WORK REQUIRED: Skip the pictures and restate, word for word, the lines from the one containing "在間沢さんの総運は35画の4点!" to the end of the data below.

PROVIDED DATA:
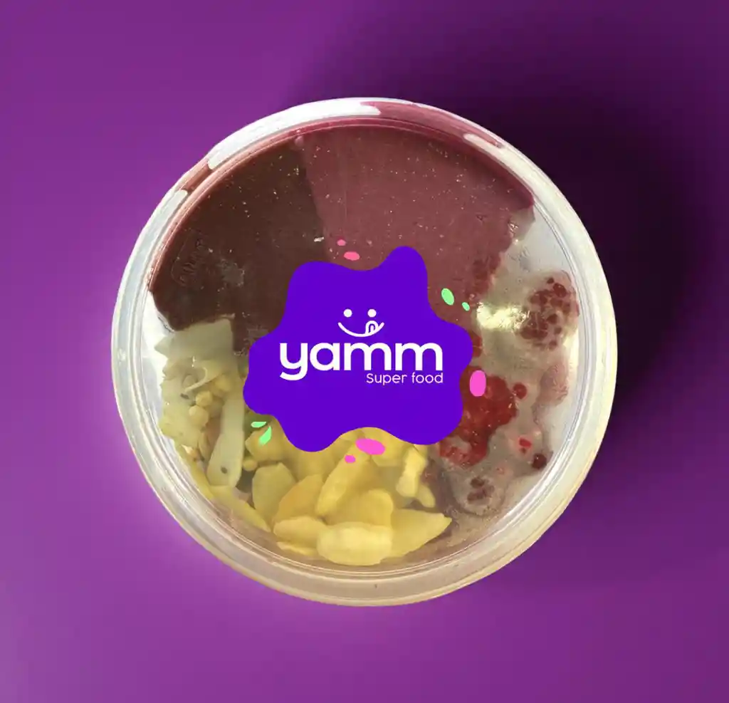 Acai / Maqui base: Sorbete de Acai, Sorbete de Maqui agregados: Granola premium Yamm, almendra laminada, frambuesa Producto congelado. Espera 15 a 20 min a temperatura ambiente y disfruta de tu autentico Yamm Acai bowl.
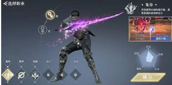 荣耀全明星游戏中由于转职前的鬼侍技能以瞬发为主,攻速高连招快,同时具有很强的位移,极易适合作为输出,因此推荐转职为暗夜刀锋。其定位为主C,主打光剑流。
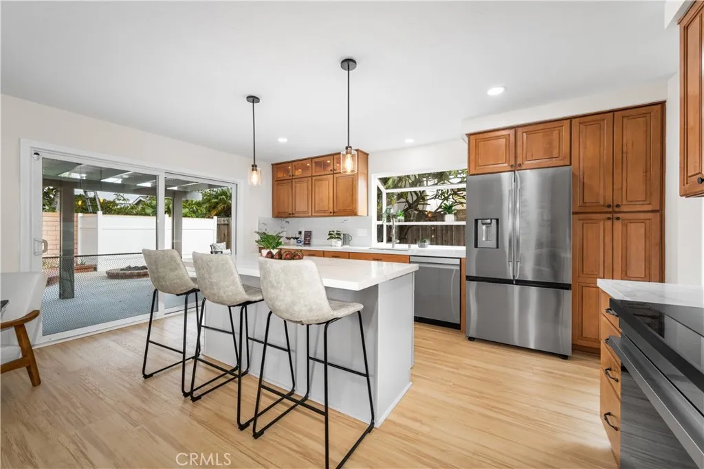 Welcome to a beautifully re-imagined single-level home on a quiet cul-de-sac in one of Costa Mesas most desirable neighborhoods. Thoughtfully and fully renovated inside and out, this three-bedroom, two-bath residence combines modern design with everyday comfort and efficiency. The kitchen features custom cabinetry (uppermost cabinets have LED lights), quartz counter tops, all-in-one stainless steel sink with a spring neck faucet, stainless-steel appliances, induction range, and a generous window overlooking the garden. The kitchen is part of the open-concept great room including a a large island with pendant lighting, cozy fireplace, and warm hue vinyl plank flooring (Lifeproof). Blending the family room and kitchen gives this home an inviting space next to the private backyard oasis systemperfect for year around entertaining. The backyard has a sparkling pool and spa, new vinyl fencing for pool equipment, solar-assisted pool heating, refreshed landscaping, and brick coping, . Two remodeled bathrooms have new vanities, designer fixtures, modern tilework, and bright LED lighting. The primary bathroom has a frameless vanity mirror with touch light and anti fog. The home updates also including dual-pane windows, recessed lighting, ceiling fans, and fresh interior and exterior paint. Two-car garage with built-in shelving, above car storage, and washer/dryer connections. Nestled near Baker between Bear and Fairview, this home offers quick access to South Coast Plaza, The Camp & The LAB, OC Fairgrounds, and top Costa Mesa schools. Convenient to beaches, freeways, and John Wayne A
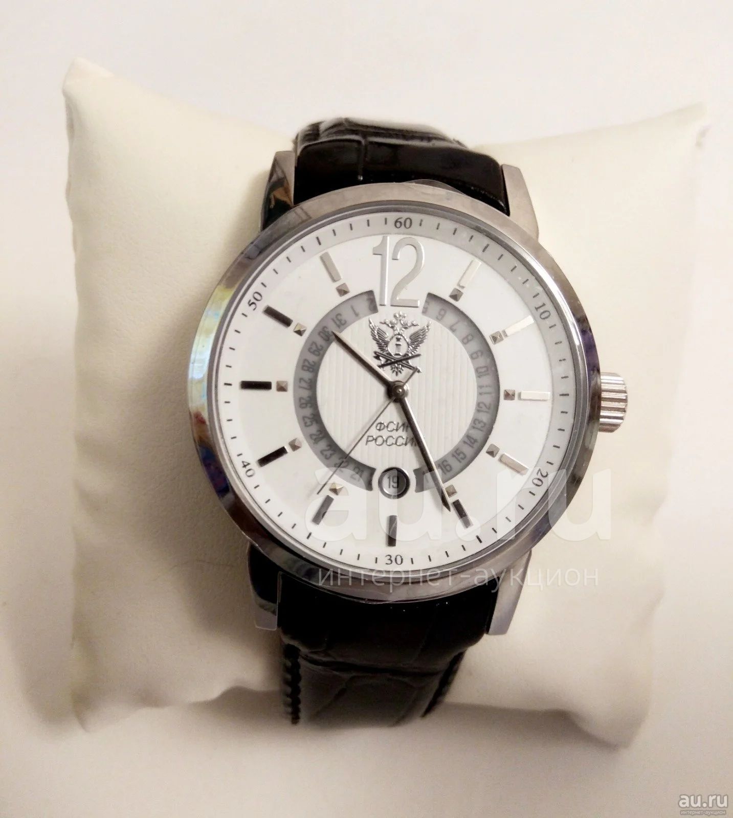 Часы марки «Русское время» с эксклюзивным дизайном: надписью «ФСИН России» (а также эмблемой службы) на лицевой стороне и надписью «От директора ФСИН России» на крышке. Новые, в подарочной коробке с подушечкой, инструкцией.
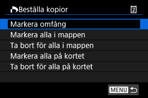 Om du väljer [Ta bort för alla på kortet] raderas beställningen av kopior för samtliga bilder på kortet.
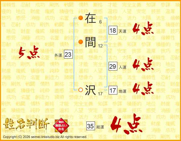 在間沢さんの総運は35画の4点!
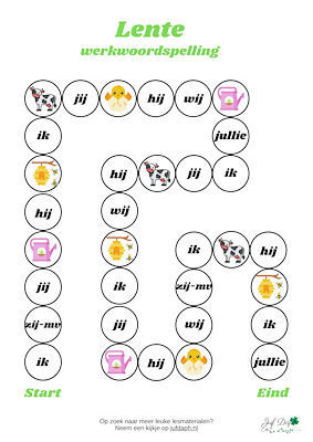 spelling werkwoordspelling lente bordspel dobbelen www.jufdaph.nl
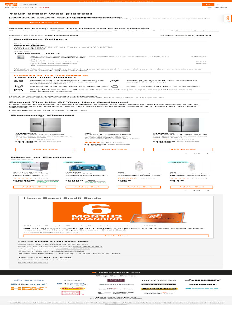 The Home Depot Order Confirmation PDF Home Appliance Refrigerator

RESULT FOR THIS TASK:
 在間沢さんの総運は35画の4点!
 spelling werkwoordspelling lente bordspel dobbelen www.jufdaph.nl
 The Home Depot Order Confirmation PDF Home Appliance Refrigerator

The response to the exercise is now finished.